--- THE TASK ---
Word for word, restate the lines of the data below between those holding "دعت سلطة المياه" and "If the self-test", inclusive; pictures do not belong in the copy.
(DATA FOR THE TASK)
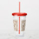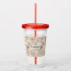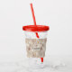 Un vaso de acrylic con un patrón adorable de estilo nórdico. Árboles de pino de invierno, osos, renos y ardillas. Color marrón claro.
(End DATA FOR THE TASK)
(DATA FOR THE TASK)
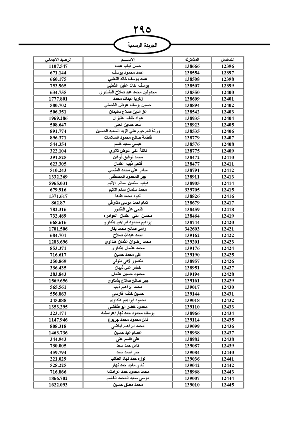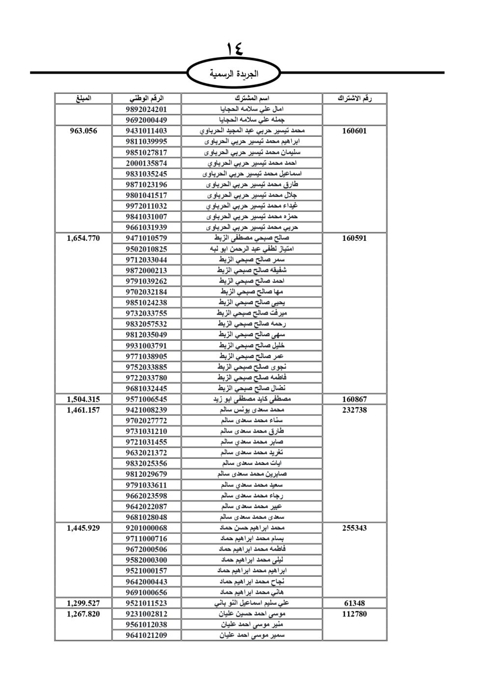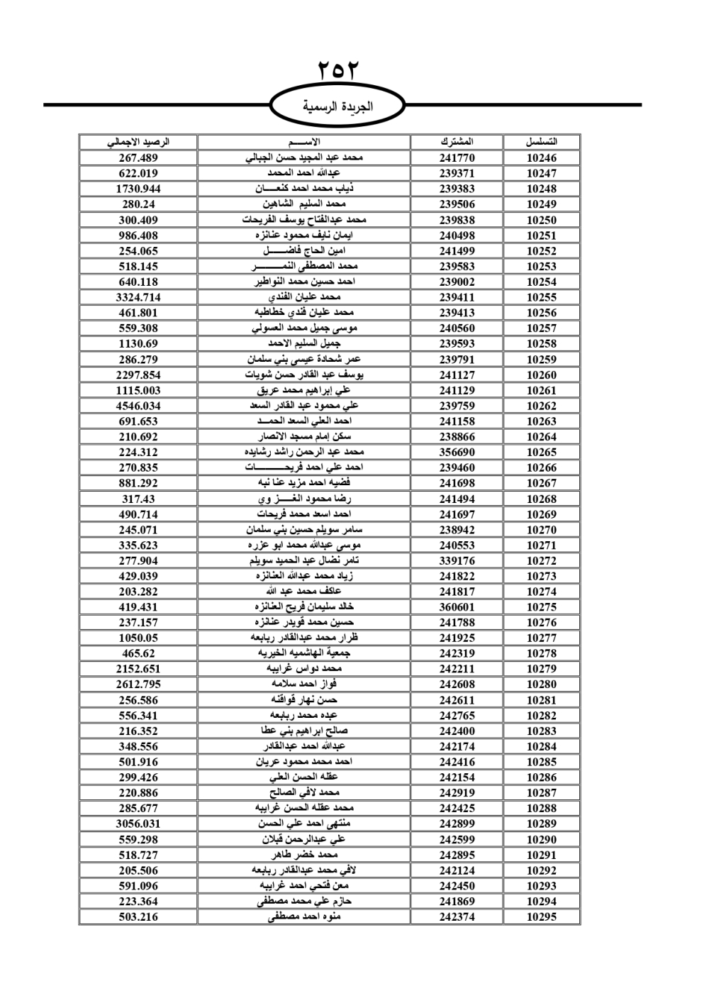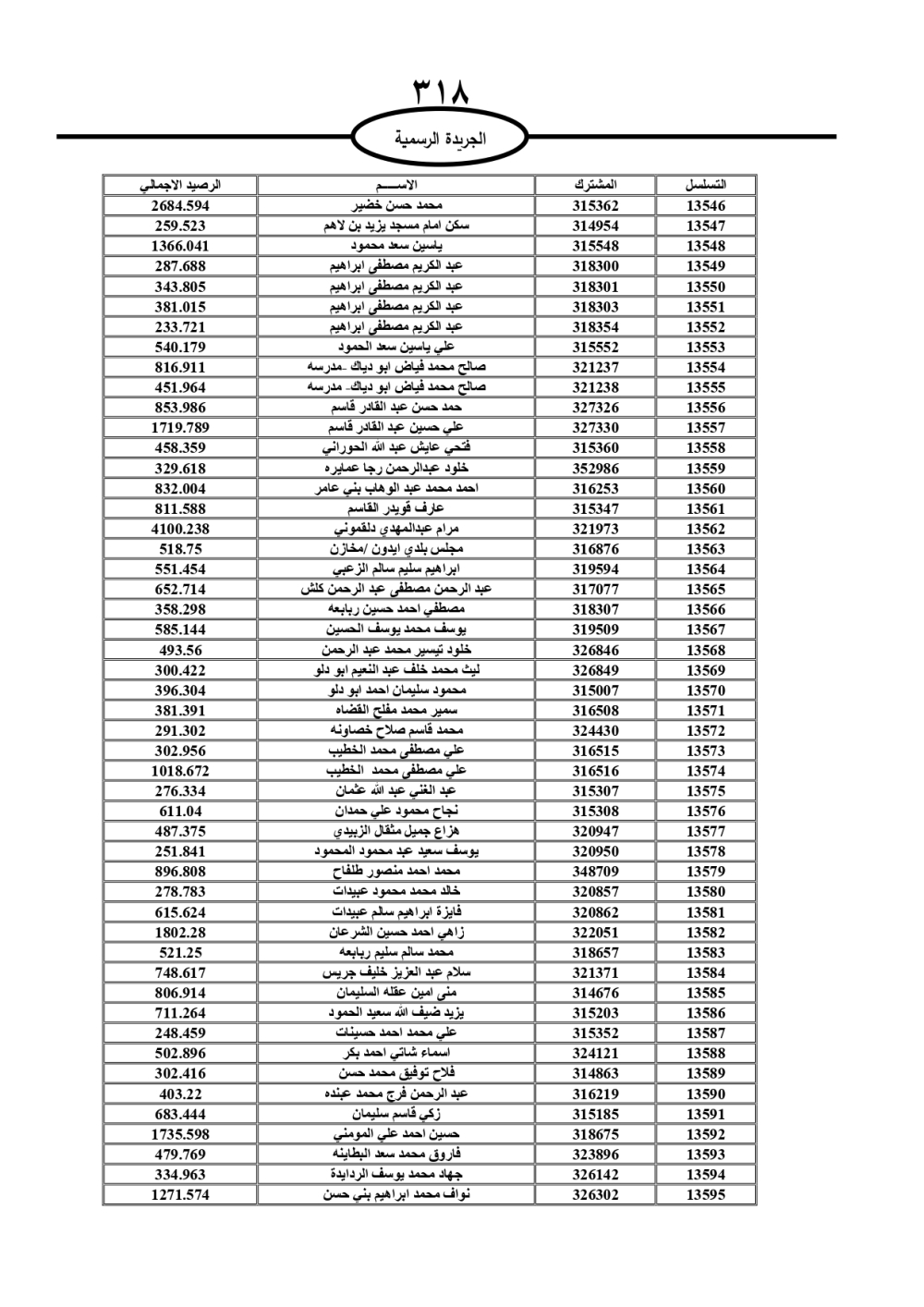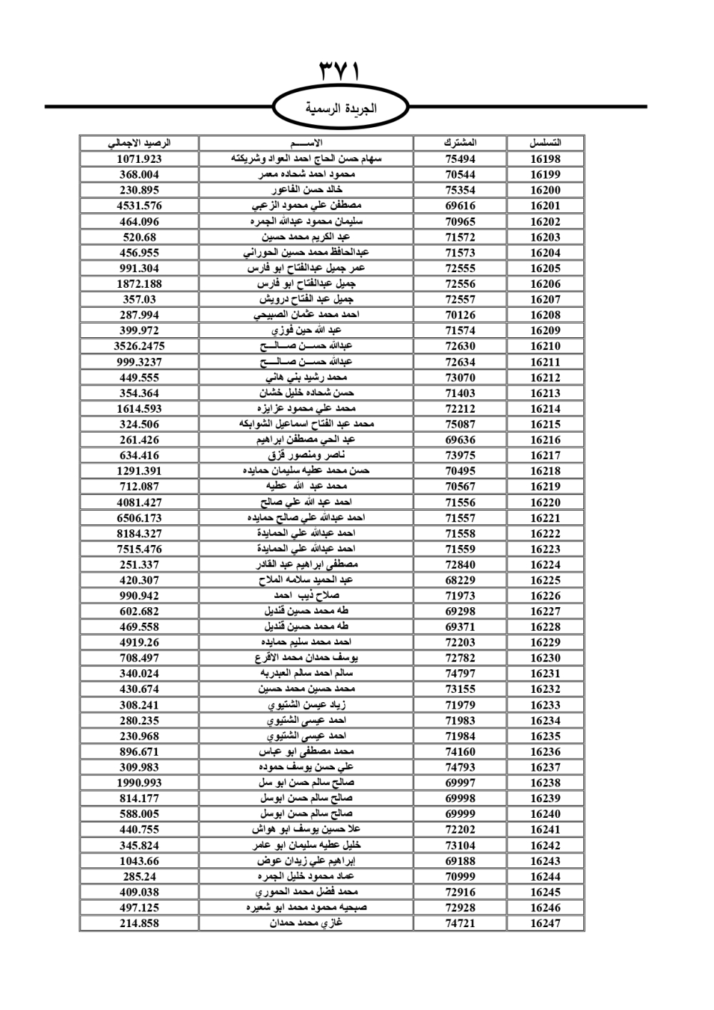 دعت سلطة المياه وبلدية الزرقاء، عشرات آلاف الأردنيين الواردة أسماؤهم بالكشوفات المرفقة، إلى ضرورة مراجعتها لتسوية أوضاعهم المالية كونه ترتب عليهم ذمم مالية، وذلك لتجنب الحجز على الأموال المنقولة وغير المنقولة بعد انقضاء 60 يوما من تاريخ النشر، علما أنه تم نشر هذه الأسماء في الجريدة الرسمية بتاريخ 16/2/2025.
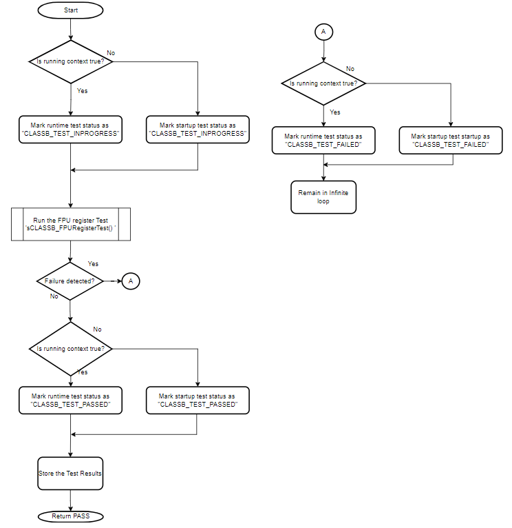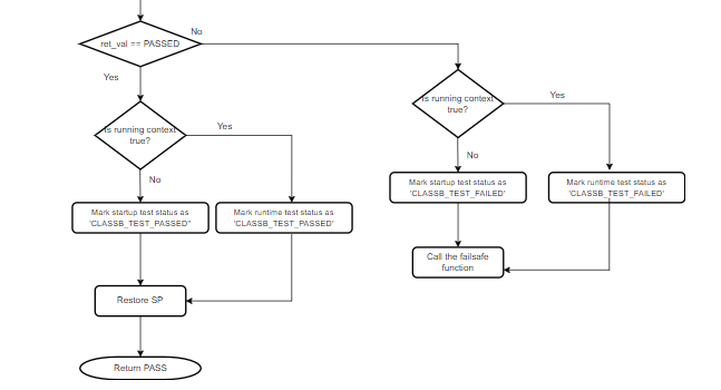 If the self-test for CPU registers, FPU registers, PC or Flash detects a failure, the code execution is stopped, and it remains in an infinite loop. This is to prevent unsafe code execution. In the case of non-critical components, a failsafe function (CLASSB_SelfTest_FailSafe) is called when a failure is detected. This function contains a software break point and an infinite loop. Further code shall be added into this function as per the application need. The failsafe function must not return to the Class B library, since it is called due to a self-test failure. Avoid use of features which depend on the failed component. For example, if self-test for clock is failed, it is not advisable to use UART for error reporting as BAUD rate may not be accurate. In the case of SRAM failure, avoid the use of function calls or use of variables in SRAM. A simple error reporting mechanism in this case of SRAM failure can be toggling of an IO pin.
(End DATA FOR THE TASK)
(DATA FOR THE TASK)
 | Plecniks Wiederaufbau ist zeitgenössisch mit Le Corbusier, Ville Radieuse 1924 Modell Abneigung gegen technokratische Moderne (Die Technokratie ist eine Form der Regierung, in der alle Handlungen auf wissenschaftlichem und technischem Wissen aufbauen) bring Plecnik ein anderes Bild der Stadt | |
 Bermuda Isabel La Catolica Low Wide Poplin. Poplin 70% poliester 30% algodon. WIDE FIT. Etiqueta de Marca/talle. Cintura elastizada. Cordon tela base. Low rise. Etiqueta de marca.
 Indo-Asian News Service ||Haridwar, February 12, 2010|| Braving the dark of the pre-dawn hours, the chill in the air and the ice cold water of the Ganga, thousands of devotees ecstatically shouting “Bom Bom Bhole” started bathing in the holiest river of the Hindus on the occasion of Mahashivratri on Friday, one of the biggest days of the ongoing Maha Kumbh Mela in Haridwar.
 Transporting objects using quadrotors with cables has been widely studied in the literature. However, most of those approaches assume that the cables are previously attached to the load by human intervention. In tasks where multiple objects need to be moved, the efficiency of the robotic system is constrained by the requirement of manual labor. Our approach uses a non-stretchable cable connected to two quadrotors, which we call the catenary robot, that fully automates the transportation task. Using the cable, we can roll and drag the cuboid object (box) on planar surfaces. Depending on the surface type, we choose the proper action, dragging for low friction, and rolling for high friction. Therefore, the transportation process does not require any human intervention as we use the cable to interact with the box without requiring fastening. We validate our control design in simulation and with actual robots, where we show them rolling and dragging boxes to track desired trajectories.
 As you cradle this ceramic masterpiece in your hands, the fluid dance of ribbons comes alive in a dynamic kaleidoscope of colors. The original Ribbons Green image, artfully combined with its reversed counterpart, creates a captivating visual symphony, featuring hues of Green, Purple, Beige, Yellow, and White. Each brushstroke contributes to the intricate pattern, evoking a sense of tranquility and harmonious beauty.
(End DATA FOR THE TASK)
--- EXPECTED OUTPUT ---
 دعت سلطة المياه وبلدية الزرقاء، عشرات آلاف الأردنيين الواردة أسماؤهم بالكشوفات المرفقة، إلى ضرورة مراجعتها لتسوية أوضاعهم المالية كونه ترتب عليهم ذمم مالية، وذلك لتجنب الحجز على الأموال المنقولة وغير المنقولة بعد انقضاء 60 يوما من تاريخ النشر، علما أنه تم نشر هذه الأسماء في الجريدة الرسمية بتاريخ 16/2/2025.
 If the self-test for CPU registers, FPU registers, PC or Flash detects a failure, the code execution is stopped, and it remains in an infinite loop. This is to prevent unsafe code execution. In the case of non-critical components, a failsafe function (CLASSB_SelfTest_FailSafe) is called when a failure is detected. This function contains a software break point and an infinite loop. Further code shall be added into this function as per the application need. The failsafe function must not return to the Class B library, since it is called due to a self-test failure. Avoid use of features which depend on the failed component. For example, if self-test for clock is failed, it is not advisable to use UART for error reporting as BAUD rate may not be accurate. In the case of SRAM failure, avoid the use of function calls or use of variables in SRAM. A simple error reporting mechanism in this case of SRAM failure can be toggling of an IO pin.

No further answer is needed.